Histórias | Capítulo I Região de Leiria

Pedro Redol, Mosteiro da Batalha

Antes de chegarmos ao encontro de Pedro Redol, o sentimento que nos assola é o do enorme privilégio que deverá ser, o de poder trabalhar num lugar como este. O Mosteiro da Batalha está imerso numa mística difícil de explicar por palavras, tal é a força com que a sua magnitude visualmente nos esmaga. Por mais adjetivos que pudéssemos usar para caracterizar a sua beleza, o esforço ficaria sempre aquém desse exercício e a própria pertinência de o fazer se tornaria assim moribunda por se antever um resultado sempre artificial e sem fidedignidade.
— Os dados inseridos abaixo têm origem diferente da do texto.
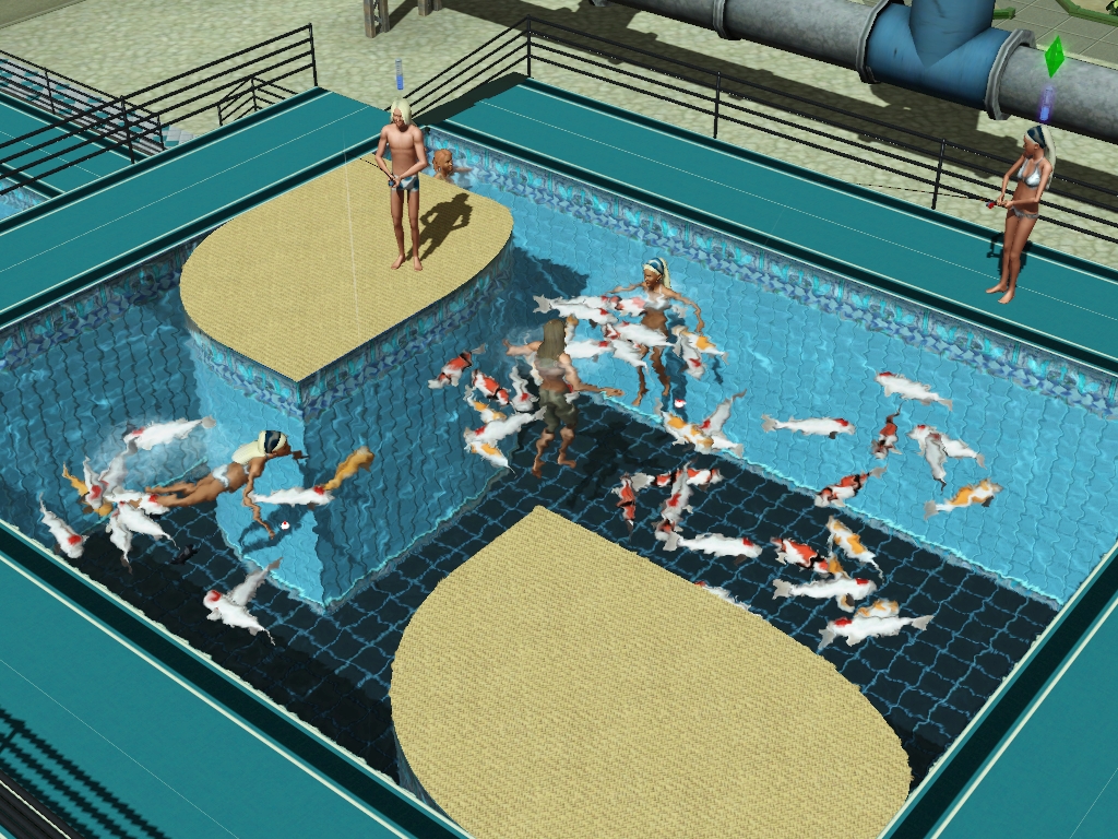 Additionally, all sims (not just children and Insane ones) can use the usual fishing interactions on pools and fountains as long as there is at least one fish spawner in it (You have to click relatively close to the spawner for the interactions to show up though. Sims will NOT fish from a pool or fountain with no spawners in it so just don't place one in any that you don't want them fishing from). The regular Stock Pond interaction can also be used to add fish from a sim's inventory to any pool or fountain to make it fishable from.

É por essa razão que tendemos a um silêncio quase cerimonial quando estamos diante dele, silêncio que se viria a quebrar por completo durante o encontro com Pedro, Curador do Museu, e um conversador inveterado. 
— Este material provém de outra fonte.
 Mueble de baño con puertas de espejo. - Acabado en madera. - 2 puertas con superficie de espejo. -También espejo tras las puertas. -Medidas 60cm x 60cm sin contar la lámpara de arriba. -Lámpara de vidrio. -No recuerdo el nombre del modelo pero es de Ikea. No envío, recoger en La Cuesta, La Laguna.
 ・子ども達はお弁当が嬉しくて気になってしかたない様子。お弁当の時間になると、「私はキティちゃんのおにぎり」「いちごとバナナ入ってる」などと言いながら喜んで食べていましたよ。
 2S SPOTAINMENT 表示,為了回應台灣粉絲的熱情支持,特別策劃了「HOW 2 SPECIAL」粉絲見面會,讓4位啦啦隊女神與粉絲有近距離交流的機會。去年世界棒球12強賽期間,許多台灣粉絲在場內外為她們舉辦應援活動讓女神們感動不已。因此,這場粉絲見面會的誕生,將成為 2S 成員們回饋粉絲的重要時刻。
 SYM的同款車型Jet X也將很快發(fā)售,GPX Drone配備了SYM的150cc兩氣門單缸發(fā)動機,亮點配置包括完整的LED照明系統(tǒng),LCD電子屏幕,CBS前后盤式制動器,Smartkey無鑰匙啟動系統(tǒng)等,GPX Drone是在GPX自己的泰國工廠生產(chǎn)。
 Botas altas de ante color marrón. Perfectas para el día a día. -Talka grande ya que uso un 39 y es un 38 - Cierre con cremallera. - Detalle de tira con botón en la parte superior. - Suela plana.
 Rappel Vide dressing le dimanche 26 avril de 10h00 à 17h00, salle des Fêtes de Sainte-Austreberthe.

Pedro nasceu em Tomar, mas com pouco mais de 1 ano de idade acabaria por mudar-se para o Porto em consequência da profissão do pai enquanto militar. Contudo, dois anos depois mudar-se-iam novamente, desta feita para Coimbra, lugar onde Pedro viveu até terminar a sua licenciatura em História de Arte. A sua rebeldia assumida fez com que não se revisse num sistema educativo à época ainda tão autoritário e conservador, onde via a sua liberdade de pensamento ser de alguma forma espartilhada, e isso faria com que se fosse afastando da ideia de continuar na academia. Finda a sua licenciatura, teve a oportunidade de iniciar um estágio em Conservação de bens arqueológicos e etnográficos em Conímbriga, e foi no término desse estágio que surgiu pela primeira vez a possibilidade de trabalhar no Mosteiro da Batalha, onde ficaria durante dois anos enquanto Coordenador do curso de Restauro de Monumentos de pedra. Em 1987 fala-nos de uma Batalha brutalmente diferente da que conhecemos hoje, onde escasseavam espaços de lazer, e onde os acessos eram ainda de alguma forma rudimentares, o que fez com que esse primeiro encontro não se tornasse uma história de amor à primeira vista. 
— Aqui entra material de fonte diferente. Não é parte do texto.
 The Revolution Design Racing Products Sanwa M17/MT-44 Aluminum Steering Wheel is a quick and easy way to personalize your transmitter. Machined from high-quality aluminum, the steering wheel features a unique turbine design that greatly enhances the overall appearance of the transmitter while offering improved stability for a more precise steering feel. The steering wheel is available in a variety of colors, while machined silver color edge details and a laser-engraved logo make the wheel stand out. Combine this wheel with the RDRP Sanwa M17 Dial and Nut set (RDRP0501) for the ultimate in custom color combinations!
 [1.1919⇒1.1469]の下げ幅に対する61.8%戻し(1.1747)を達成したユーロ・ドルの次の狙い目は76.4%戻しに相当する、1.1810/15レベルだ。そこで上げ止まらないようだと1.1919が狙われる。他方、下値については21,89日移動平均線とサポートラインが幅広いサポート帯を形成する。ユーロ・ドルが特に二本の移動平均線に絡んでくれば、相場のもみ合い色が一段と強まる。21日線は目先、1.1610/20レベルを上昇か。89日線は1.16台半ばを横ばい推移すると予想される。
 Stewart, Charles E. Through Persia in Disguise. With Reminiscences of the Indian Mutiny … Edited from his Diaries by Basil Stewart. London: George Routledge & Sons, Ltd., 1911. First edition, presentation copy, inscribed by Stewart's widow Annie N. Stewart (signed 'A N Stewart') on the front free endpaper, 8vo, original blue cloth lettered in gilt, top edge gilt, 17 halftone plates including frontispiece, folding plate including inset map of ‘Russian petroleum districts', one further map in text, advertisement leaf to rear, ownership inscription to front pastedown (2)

Apesar de essa primeira experiência na Batalha não ter sido de todo perfeita, foi durante esse período que conheceu alguém que marcaria para sempre o seu percurso, tive a sorte de trabalhar com uma pessoa extraordinária que já não é viva, que foi o Mestre Alfredo Ribeiro, que foi como o meu pai no trabalho, e que foi aquela pessoa que fez com que eu gostasse muito do Mosteiro, e que depois tivesse dificuldade em me ir embora daqui. Após esses dois anos surgiu-lhe a oportunidade de trabalhar enquanto professor assistente de História de Arte Medieval, no Instituto de História de Arte da Universidade de Coimbra, e apesar de ser algo que queria muito, acabou por recusar. Na sua ótica o meio académico é bastante corporativo e burocrático, envolve pouca proximidade em relação ao objeto de estudo e oferece pouco tempo que possa ser dedicado à investigação, uma das suas grandes paixões. Acabaria assim por ficar na Batalha por um período de 12 anos, até que uma nova oportunidade o levaria para junto do grande monumento da sua infância, o Convento de Cristo. Embora existisse essa ligação umbilical, alinhada com as memórias de infância dos muitos passeios que o avô por lá fazia com ele e o seu irmão, rapidamente percebeu que gostava mesmo era de trabalhar na Batalha, e aí regressou. Pelo caminho ainda voltaria a Coimbra, enquanto Diretor do Museu Machado de Castro, mas essa, tal como as outras experiências, só foram tornando mais evidente o quanto queria de facto ficar na Batalha, onde continua ainda hoje como Curador do Mosteiro, 34 anos depois. 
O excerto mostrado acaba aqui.